The following are the accepted model parameters:
- prompt: Represents the input text prompt that guides the image generation process. When not defined, you have to pass prompt_embedsinstead
- height: Defines the height in pixels of the generated image in the pipeline
- width: Sets the width in pixels of the generated image in the pipeline
- num_inference_steps: Sets the value of num_inference_steps in the pipeline. It defines the number of steps involved in the inference process. By default, it's set to 50, and balances generation speed and the result quality. A smaller value of de-noising steps leads to faster results, and a larger value enhances quality at the cost of a longer generation time
- guidance_scale: Sets the value of the guidance_scale parameter in the pipeline called Classifier-Free Diffusion Guidance. It's enabled by setting guidance_scale > 1. A higher guidance scale generates images that are closely linked to the text prompt, usually at the expense of lower image quality. Values between 7 and 8.5 work well, and the default vale is 7.5
- negative_prompt: Sets the value of the negative_prompt parameter in the pipeline to specify the prompt that should not guide the image generation. When not defined, you have to pass negative_prompt_embeds instead. When not using guidance, it's ignored when the guidance_scale is less than 1
- num_images_per_prompt: Sets the num_images_per_prompt parameter value in the pipeline to determine the number of images to generate per prompt
- prompt_embeds: Sets the prompt_embeds value in the pipeline
- negative_prompt_embeds: Sets the value of the negative_prompt_embeds parameter in the pipeline. You can apply pre-generated negative text embeddings to tweak text inputs, for example, prompt weighting. When not provided, negative_prompt_embeds generates using the negative_prompt input argument
- output_type: Sets the output_type parameter value in the pipeline to define the output format of the generated image. You can choose between PIL, Image, or np.array, with the default value set to PIL
- callback: Sets the callback parameter value in the pipeline
- callback_steps: Sets the callback_steps parameter value in the pipeline, the frequency at which the callback function returns.

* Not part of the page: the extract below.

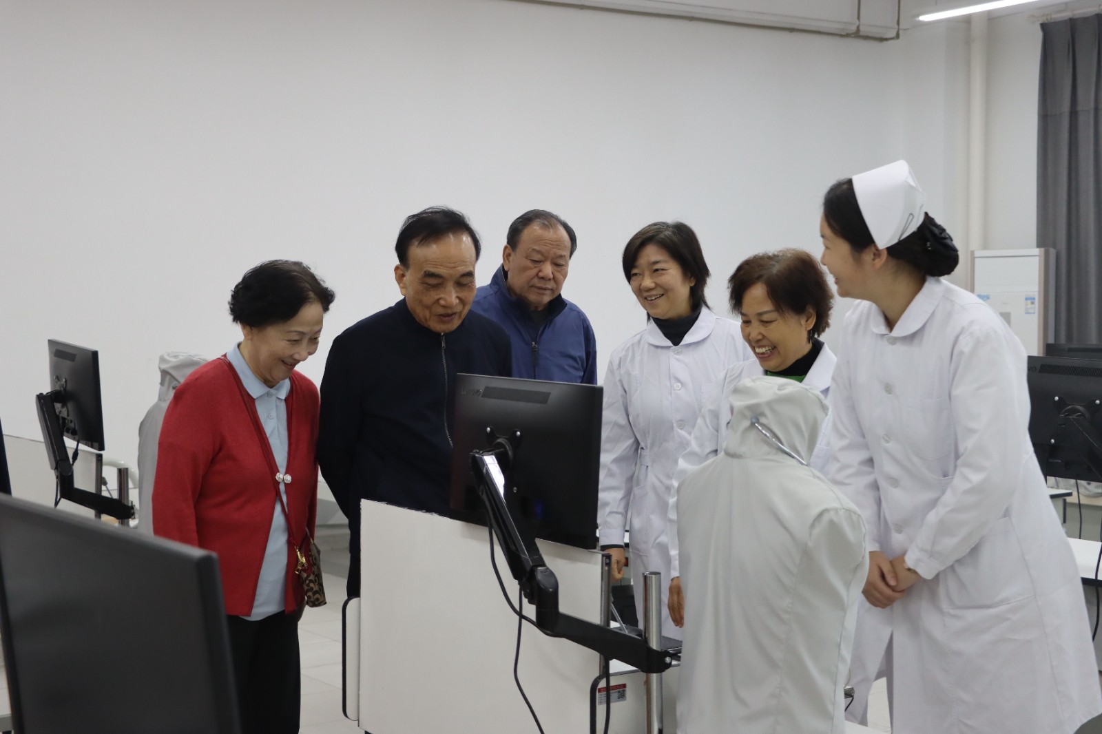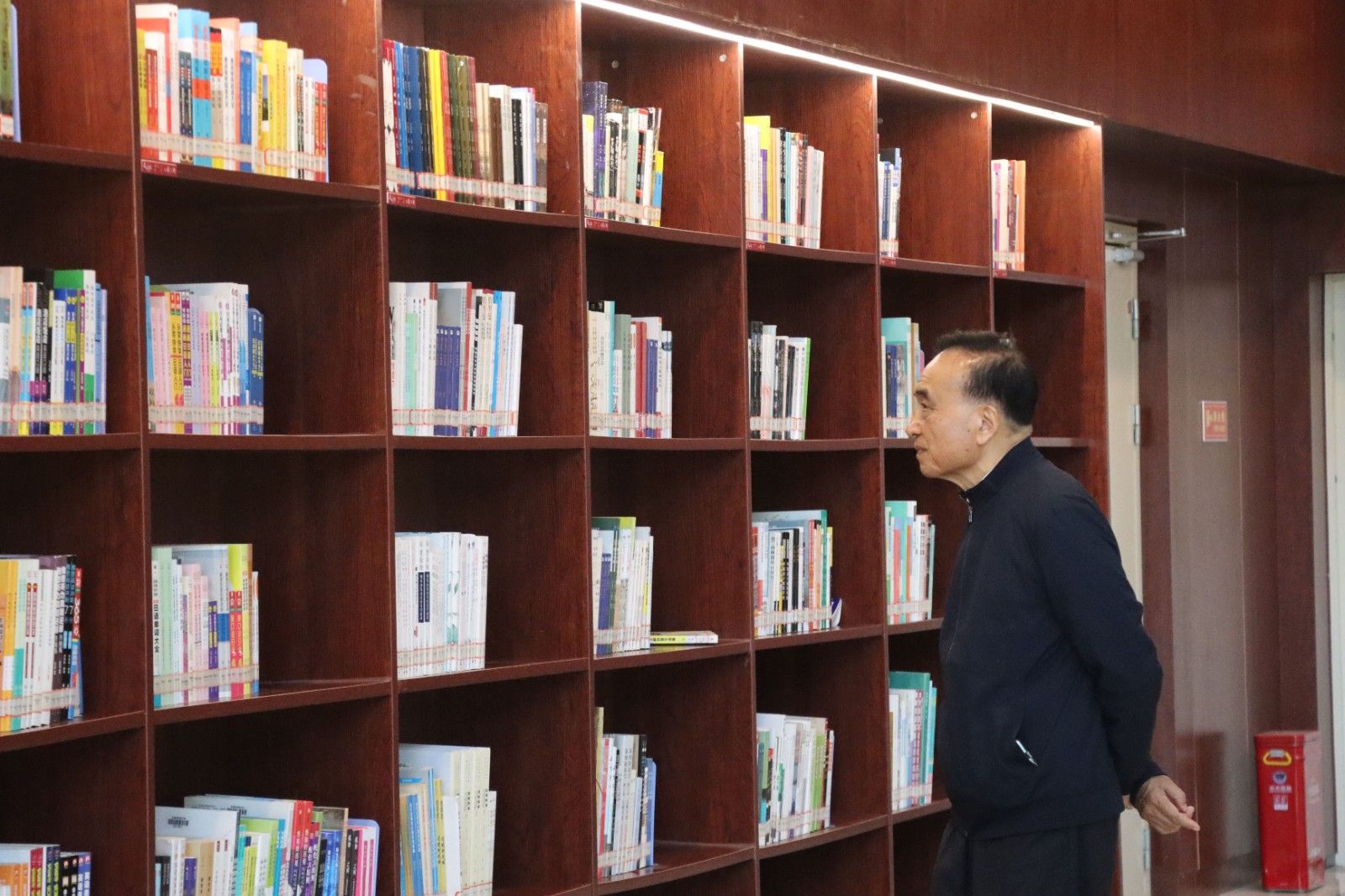 参观完学生宿舍后,程康彦一行先后参观了我校智能制造学院实训楼、行政楼、医事科技学院实训楼、图书馆,并在行政楼一楼拍照留念。在图书馆大厅,他连连称赞:“这是我见到的最好的图书馆!”

When not specified, the default value is 1
- controlnet_conditioning_scale: Sets the controlnet_conditioning_scale parameter value in the pipeline. ControlNet outputs multiply by controlnet_conditioning_scale before addition to the residual in the original UNet. When multiple ControlNets are available in init, you can set the corresponding scale as a list with the default set to 1.0
- guess_mode: Sets the guess_mode parameter value in the pipeline. In this mode, the ControlNet encoder tries to recognize the content of the input image even if you remove all prompts. The default value is False, but it's recommended to use a guidance_scale value between 3.0 and 5.0
The "Chef in kitchen" prompt generates an image like the one below:

Below are other variants available for the same model:
- lllyasviel/sd-controlnet-canny: Conditioned on Canny edges
- lllyasviel/sd-controlnet-depth: Conditioned on Depth estimation
- lllyasviel/sd-controlnet-hed: Conditioned on HED Boundary
- lllyasviel/sd-controlnet-mlsd: Conditioned on M-LSD straight line detection
- lllyasviel/sd-controlnet-normal: Conditioned on Normal Map Estimation
- lllyasviel/sd-controlnet-openpose: Conditioned on Human Pose Estimation
- lllyasviel/sd-controlnet-scribble: Conditioned on Scribble images
- lllyasviel/sd-controlnet-seg: Conditioned on Image Segmentation

Conclusion

In this article, you implemented Hugging Face diffusion models and used the models to generate results. To use other diffusion models, visit the respective model card pages to learn how to use them. Additionally, studying the model's documentation provides valuable insights into its specific details and configuration options.